Required action ->
Output range, inclusive: from the line containing "1 Фонтан из:1" to the line containing "The process of". Restate those lines from the data below word for word and only those.

Records for this task ->
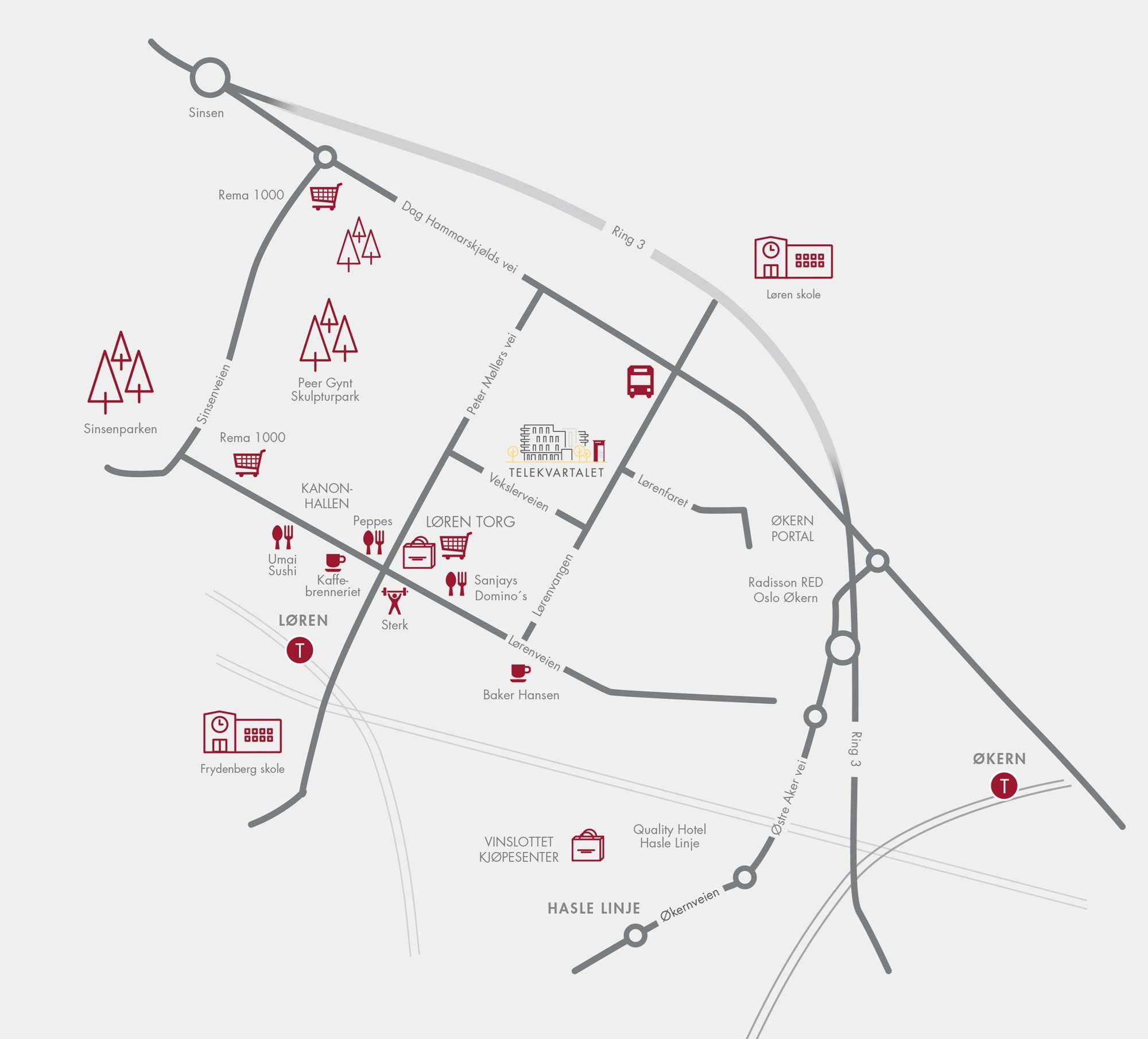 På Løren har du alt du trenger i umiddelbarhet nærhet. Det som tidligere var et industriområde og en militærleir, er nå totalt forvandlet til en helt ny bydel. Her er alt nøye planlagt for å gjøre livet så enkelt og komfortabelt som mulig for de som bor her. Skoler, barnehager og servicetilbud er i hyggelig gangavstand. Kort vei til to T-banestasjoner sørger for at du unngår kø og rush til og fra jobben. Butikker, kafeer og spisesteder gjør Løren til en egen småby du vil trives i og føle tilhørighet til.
...
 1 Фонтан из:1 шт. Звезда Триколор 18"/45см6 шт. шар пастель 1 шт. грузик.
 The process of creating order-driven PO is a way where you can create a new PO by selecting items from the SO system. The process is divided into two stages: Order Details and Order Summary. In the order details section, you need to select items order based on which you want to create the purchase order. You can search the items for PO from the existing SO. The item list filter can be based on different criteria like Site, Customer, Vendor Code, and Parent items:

Expected output ->
 1 Фонтан из:1 шт. Звезда Триколор 18"/45см6 шт. шар пастель 1 шт. грузик.
 The process of creating order-driven PO is a way where you can create a new PO by selecting items from the SO system. The process is divided into two stages: Order Details and Order Summary. In the order details section, you need to select items order based on which you want to create the purchase order. You can search the items for PO from the existing SO. The item list filter can be based on different criteria like Site, Customer, Vendor Code, and Parent items:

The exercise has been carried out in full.